[66] Created (1886) Baron Burton of Rangemore and of Burton-on-Trent, in the county of Stafford.

Before attempting to give any idea of the enormous business transacted by Messrs. Bass & Co., a few words respecting the man by whose strict integrity, business qualifications, and persistent and successful efforts to produce the best possible article, and none other, the name of Bass has been rendered a familiar word throughout the whole civilised world. He was born in 1799, and entered the business immediately after leaving school. The trade then done was so limited that he had for a time to act as a traveller; but year by year the demand for Bass’s Ale became greater and greater, and for a considerable period before his death Mr. Bass was at the head of the greatest pale ale brewery in the world. He was a genial, kindly man, and had a genuine pride in the success of his great undertaking. Those who had the pleasure of being his guests will no doubt remember his translation of two lines from Martial, Book vi. Epigram 69:—

Non Miror quod potat aquam tua Bassa, Catulle! Miror quod Bassi filia potat aquam.

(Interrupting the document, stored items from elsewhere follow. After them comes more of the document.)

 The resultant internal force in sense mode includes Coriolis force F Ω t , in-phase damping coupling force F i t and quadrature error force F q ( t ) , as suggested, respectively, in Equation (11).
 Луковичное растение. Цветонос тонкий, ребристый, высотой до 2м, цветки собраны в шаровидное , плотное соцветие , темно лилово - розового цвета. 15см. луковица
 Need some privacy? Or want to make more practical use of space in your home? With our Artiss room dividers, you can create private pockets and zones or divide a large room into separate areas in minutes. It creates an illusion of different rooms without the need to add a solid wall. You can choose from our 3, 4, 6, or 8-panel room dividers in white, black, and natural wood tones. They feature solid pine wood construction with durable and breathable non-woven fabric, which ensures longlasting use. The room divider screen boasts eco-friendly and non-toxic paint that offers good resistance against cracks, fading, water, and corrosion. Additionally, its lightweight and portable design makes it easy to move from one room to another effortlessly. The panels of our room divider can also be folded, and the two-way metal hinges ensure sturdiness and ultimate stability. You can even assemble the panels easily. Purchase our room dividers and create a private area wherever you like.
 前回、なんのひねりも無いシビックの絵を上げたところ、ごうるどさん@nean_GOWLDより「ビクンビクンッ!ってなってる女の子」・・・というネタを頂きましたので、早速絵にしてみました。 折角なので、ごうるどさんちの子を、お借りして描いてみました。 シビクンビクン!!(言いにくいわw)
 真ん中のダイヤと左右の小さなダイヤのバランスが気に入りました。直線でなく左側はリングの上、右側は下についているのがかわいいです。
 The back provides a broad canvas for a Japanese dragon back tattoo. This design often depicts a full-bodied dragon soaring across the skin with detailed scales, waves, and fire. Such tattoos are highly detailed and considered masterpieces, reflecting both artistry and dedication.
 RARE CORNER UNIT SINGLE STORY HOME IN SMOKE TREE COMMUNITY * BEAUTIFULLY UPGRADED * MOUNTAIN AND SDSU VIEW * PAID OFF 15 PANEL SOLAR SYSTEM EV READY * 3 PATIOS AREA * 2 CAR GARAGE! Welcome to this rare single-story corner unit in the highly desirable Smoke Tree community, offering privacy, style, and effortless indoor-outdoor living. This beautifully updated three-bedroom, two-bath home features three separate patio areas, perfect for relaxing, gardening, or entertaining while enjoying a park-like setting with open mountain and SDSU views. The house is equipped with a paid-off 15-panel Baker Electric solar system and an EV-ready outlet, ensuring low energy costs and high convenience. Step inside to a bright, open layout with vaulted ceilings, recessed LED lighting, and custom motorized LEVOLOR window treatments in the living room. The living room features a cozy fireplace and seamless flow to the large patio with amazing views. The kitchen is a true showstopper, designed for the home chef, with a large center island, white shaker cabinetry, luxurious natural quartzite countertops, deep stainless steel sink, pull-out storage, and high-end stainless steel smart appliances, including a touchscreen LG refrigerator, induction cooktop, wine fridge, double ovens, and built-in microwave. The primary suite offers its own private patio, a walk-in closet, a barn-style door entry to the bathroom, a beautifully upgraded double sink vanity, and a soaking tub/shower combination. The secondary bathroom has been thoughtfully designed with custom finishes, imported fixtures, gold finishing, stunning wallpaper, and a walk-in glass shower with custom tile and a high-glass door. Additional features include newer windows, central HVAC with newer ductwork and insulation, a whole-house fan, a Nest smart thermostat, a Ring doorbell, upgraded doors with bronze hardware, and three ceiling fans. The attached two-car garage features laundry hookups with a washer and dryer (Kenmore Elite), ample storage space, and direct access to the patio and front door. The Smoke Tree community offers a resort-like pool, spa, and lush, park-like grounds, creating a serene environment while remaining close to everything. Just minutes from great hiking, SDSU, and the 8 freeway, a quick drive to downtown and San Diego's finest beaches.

“I am not the least surprised, O Catullus, that your nymph Bassa drinks water; what I am surprised at is that Bass’s daughter drinks water.” The epigram has also been rendered into English verse:—

Not strange, my friend, I’m thinking, Thy Bassa water drinking, Most strange that Bass’s daughter Should think of drinking water.

Mr. M. T. Bass represented Derby in Parliament for thirty-five years, being eight times elected in succession, only resigning in 1883, having lived to be the oldest member in the House. He gave Derby a Free Library, a Museum, an Art Gallery, a Public Bath, and a Recreation Ground, at a cost of £50,000. Railway Companies’ servants have reason to be grateful to him, for through his endeavours their hours of labour, though still in some case left far too long, have on many lines been considerably shortened. For some years many of them worked sixteen, eighteen, and even twenty hours out of the twenty-four. He also strenuously exerted himself to obtain the abolition of imprisonment for debt. His benefactions to Burton are too numerous to mention. The chief of them were the gifts of St. Paul’s and St. Margaret’s {345} Churches, with a Parsonage House, Schools, and an endowment of £500 a year, and a Workman’s Club and Institute at a total cost of over £100,000. Mr. Bass was repeatedly offered a Peerage, and as often refused it. We cannot better conclude this short and very inadequate description than by quoting the words used by Sir William Harcourt when opening St. Paul’s Institute at Burton-on-Trent: “We are met here to-day to commemorate the munificent benefaction of Mr. Bass. He is a man advanced in years, in honour, and in wealth, which is the fruit of a life of intelligent industry. He was a Liberal in his youth; he is a Liberal in his age. Years and wealth have not brought to him selfish timidity. In his grey hairs he cherishes the generous sentiments which inspired his earlier days. He has received freely, and freely has he bestowed.”

The liberality of the firm was not confined to Mr. Michael Bass. The Messrs. Gretton have erected and endowed a Church in the suburbs of Burton at a cost of nearly £20,000, and Public Baths and Wash-houses, costing nearly £10,000, have been presented to the town by Messrs. Ratcliff.

The firm of Bass & Co. alone contribute to the National Revenue upwards of £780 per day, and its breweries at Burton-upon-Trent are the largest of their kind in the world, the business premises extending, as we have said, over 145 acres of land. Locomotives have to a large extent superseded brewers’ drays at Burton, and this firm has connection with the outer railway systems by twelve miles of rails on the premises, and use as many as 60,000 railway trucks in the course of six months. The casks required to carry on the business number 600,000, of which 46,901 are butts, and 159,608 are hogsheads. Some ingenious calculations have been made with regard to these casks. Piled one above another they would make 3,300 pillars, each reaching to the top of St. Paul’s. The great Egyptian Pyramid is 763 ft. square at the base; the butts, standing on end and placed bulge to bulge, would furnish bases for five such pyramids, and the other casks would be more than sufficient for the superstructure 460 ft. high.

Though labour-saving machinery is used as much as possible, Bass & Co. employ at Burton alone 2,250 men and boys. In 1821 only 867 men and 61 boys were engaged in all the Burton breweries. In the course of a season the firm now sends out over 800,000 barrels, and manufacture raw material weighing 85,000 tons. In the year ending June 30th, 1883, 250,000 quarters of malt were used and 31,000 cwt. of hops. The amount of business now done by the firm in one year cannot be less than £2,400,000, figures which will give some idea of the capital employed. {346}

A detailed description of the three brewhouses would fill the whole of the space devoted to this chapter; suffice it, therefore, to say that the racking rooms on the ground floor of the new brewery cover more than one and a half acre, the tunning rooms of the same area contain 2,548 tunning casks of 160 gallons each; and the copper house contains three water coppers that will boil 12,000 gallons each; and eleven wort coppers that will each boil 2,200 gallons of wort.